Publication

Early Postoperative FDG-PET-CT Imaging Results in a Relevant Upstaging in the pN2 Subgroup of Stage III Colorectal Cancer Patients

Journal Paper/Review - Mar 21, 2017

Units
PubMed
Doi

Citation
Fehr M, Müller J, Knitel M, Fornaro J, Horber D, Koeberle D, Cerny T, Gueller U. Early Postoperative FDG-PET-CT Imaging Results in a Relevant Upstaging in the pN2 Subgroup of Stage III Colorectal Cancer Patients. Clin Colorectal Cancer 2017
Type
Journal Paper/Review (English)
Journal
Clin Colorectal Cancer 2017
Publication Date
Mar 21, 2017
Issn Electronic
1938-0674
Brief description/objective

INTRODUCTION
Clinical practice guidelines regarding follow-up in patients after curative resection of colorectal cancer (CRC) vary widely. Current follow-up recommendations do not include additional postoperative imaging before starting adjuvant treatment in any patients. We evaluated the potential benefit of our institutional approach, recommending (18)fluor-deoxy-glucose (FDG)-positron emission tomography (PET)-computed tomography (CT) imaging in CRC stage III patients with ≥4 locoregional lymph node metastases (pN2).

PATIENTS AND METHODS
Our study included all patients from a single center with complete resection of a pT1-4, pN2, cM0 CRC. All patients were considered free of distant metastases on the basis of preoperative CT imaging of the chest, abdomen, and pelvis.

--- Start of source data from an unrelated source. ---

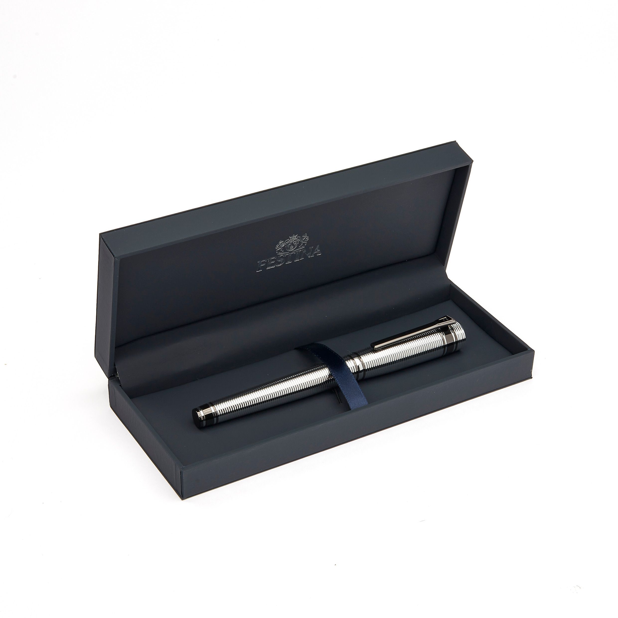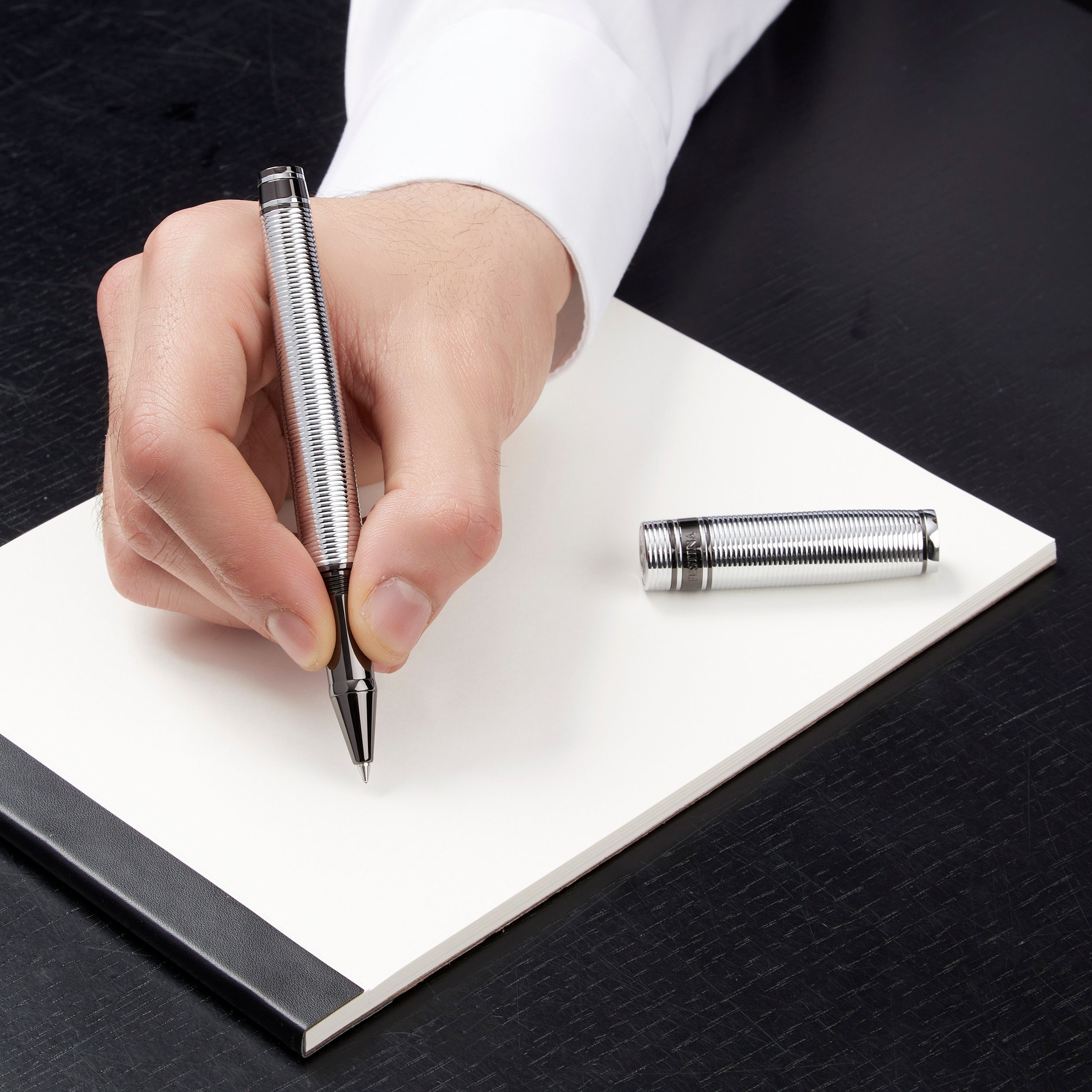 Nieco bardziej nieoczekiwana i wyrafinowana wersja naszej nowej kolekcji artykułów piśmiennych "Bold", ten artykuł piśmienny jest w całości wygrawerowany w poziome paski. Ta część asortymentu jest deklaracją stylu i elegancji sama w sobie i jest oferowana w 3 luksusowych kolorach powłoki metalowej: czarnym, pistoletowym i chromowanym Luksusowym. Gra z kontrastującymi kolorami, wykończeniami i wyrafinowanymi detalami jest kluczem do naszego procesu projektowania. Każdy element subtelnie uzupełnia inny, dając efekt, który jest zarówno elegancki, jak i niewymuszony.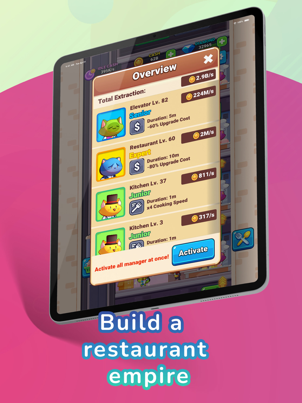 No tapping like in the other restaurant games & clicker games. With this food cat simulator, you can build an idle empire easily!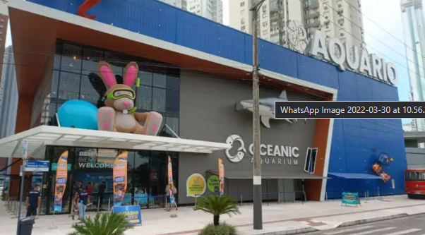 Do lado de fora, na fachada, ao lado do tubarão e embaixo do polvo, um coelho gigante inflável com 5 metros de altura, usando snorkel de mergulho, dá as boas vindas aos visitantes. Ao lado um ovo de páscoa enorme completa a decoração externa.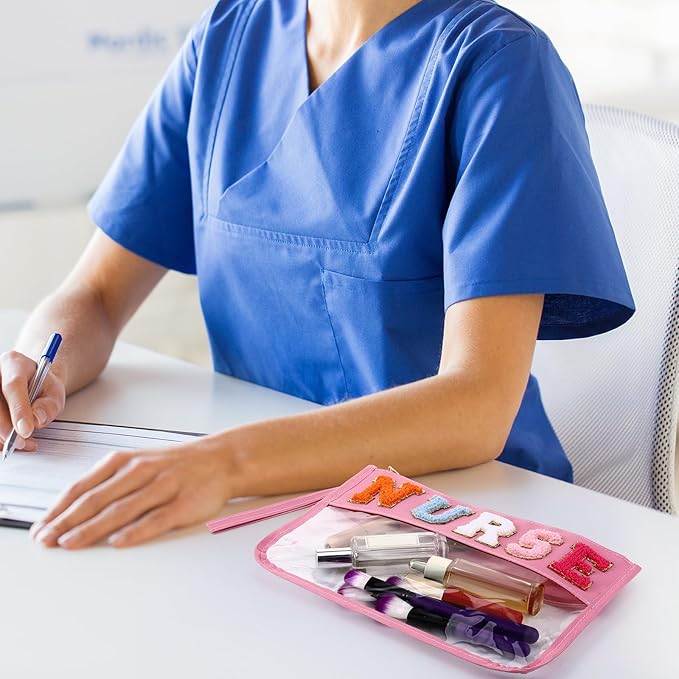 - Flat, Clear and Attaching Wrislet: the waterproof nurse chenille makeup bag features flat style, designed for better packing space in the suitcase; Clear design allows easy visualization of contents, easy to locate and access your items; The attaching wrislet is convenient for holding or wearing on the wrist, and can also be hung on the wall or door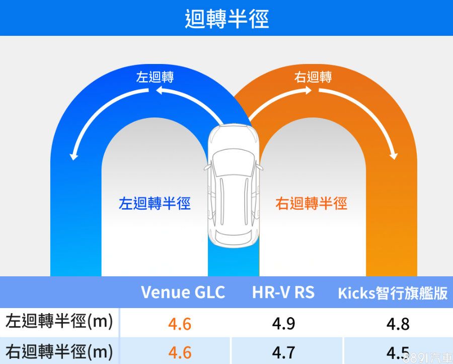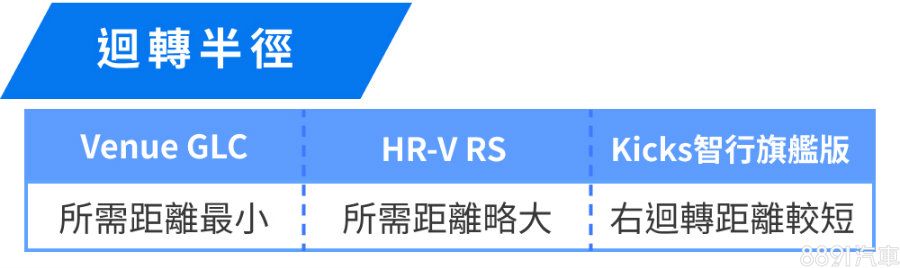 Venue擁有三車中最短的軸距,實測迴轉半徑最短也是合情合理,巷弄穿梭最靈活。至於HR-V與 Kicks實測數據在伯仲之間,實際上路感受也沒有太大差異,都是還算小巧的身形。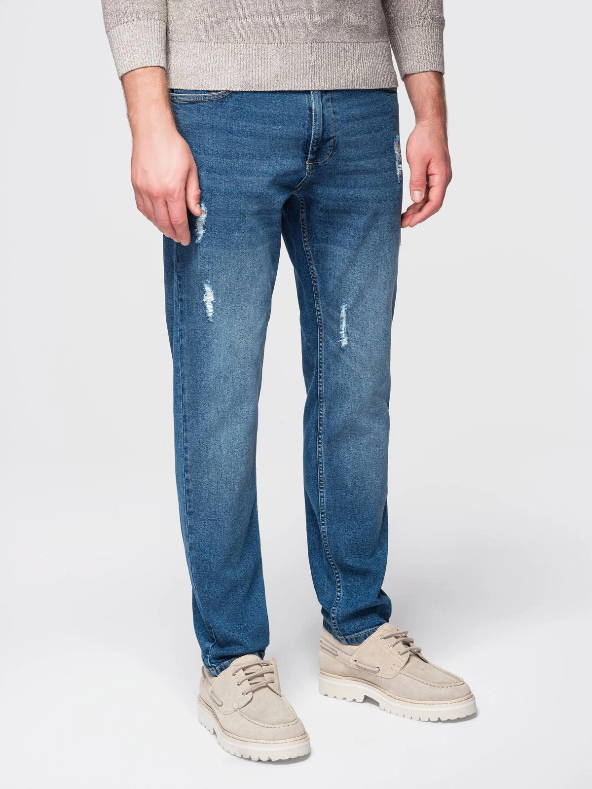 Pantaloni bărbătești SLIM FIT din denim cu frecare - albastru închis V2 OM-PADP-0255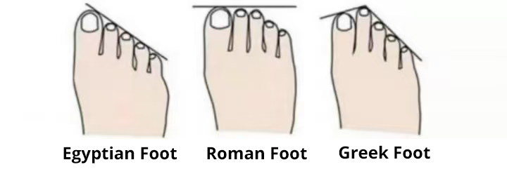 'Roman' Foot: The first three toes are similar in length, resembling a square shape.
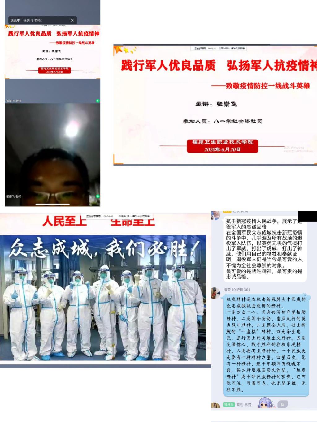 为了让八一学社社员更好地了解军人逆行抗疫一线情况,培养他们如何去践行军人优良品质、如何去弘扬军人抗疫精神,同时也丰富疫情期间他们的课余生活,2020年6月20日晚上8点,我社在线上举办“践行军人优良品质,弘扬军人抗疫精神”的讲座活动,讲座由张崇飞老师主讲,全体社员参加。

The main objective of the present study was to assess the proportion of patients with changes of therapeutic management (defined as any other treatment than the preplanned adjuvant chemotherapy) because of the results of additional postoperative FDG-PET-CT imaging.

RESULTS
Fifty patients (22 female/28 male) were included; the median age was 64 years (range, 37-78 years). Previously undiagnosed metastatic disease resulting in a change of the therapeutic management was detected using postoperative FDG-PET-CT imaging in 7 patients (14.0%; 95% confidence interval, 5.8%-26.7%). The number needed to screen to detect new or previously occult metastases was 7 (7 of 50).

CONCLUSION
To our knowledge, this is the first study to evaluate the role of an additional postoperative FDG-PET-CT scan before adjuvant treatment in patients with completely resected CRC with ≥4 lymph node metastases (pT1-4, pN2) and without distant metastases on preoperative CT imaging (cM0). Postoperative FDG-PET-CT imaging represents a valuable tool for the detection of new macrometastases in the subgroup of pN2 cM0 CRC patients. The low number needed to screen for consequent therapeutic changes is clinically relevant and should be further evaluated.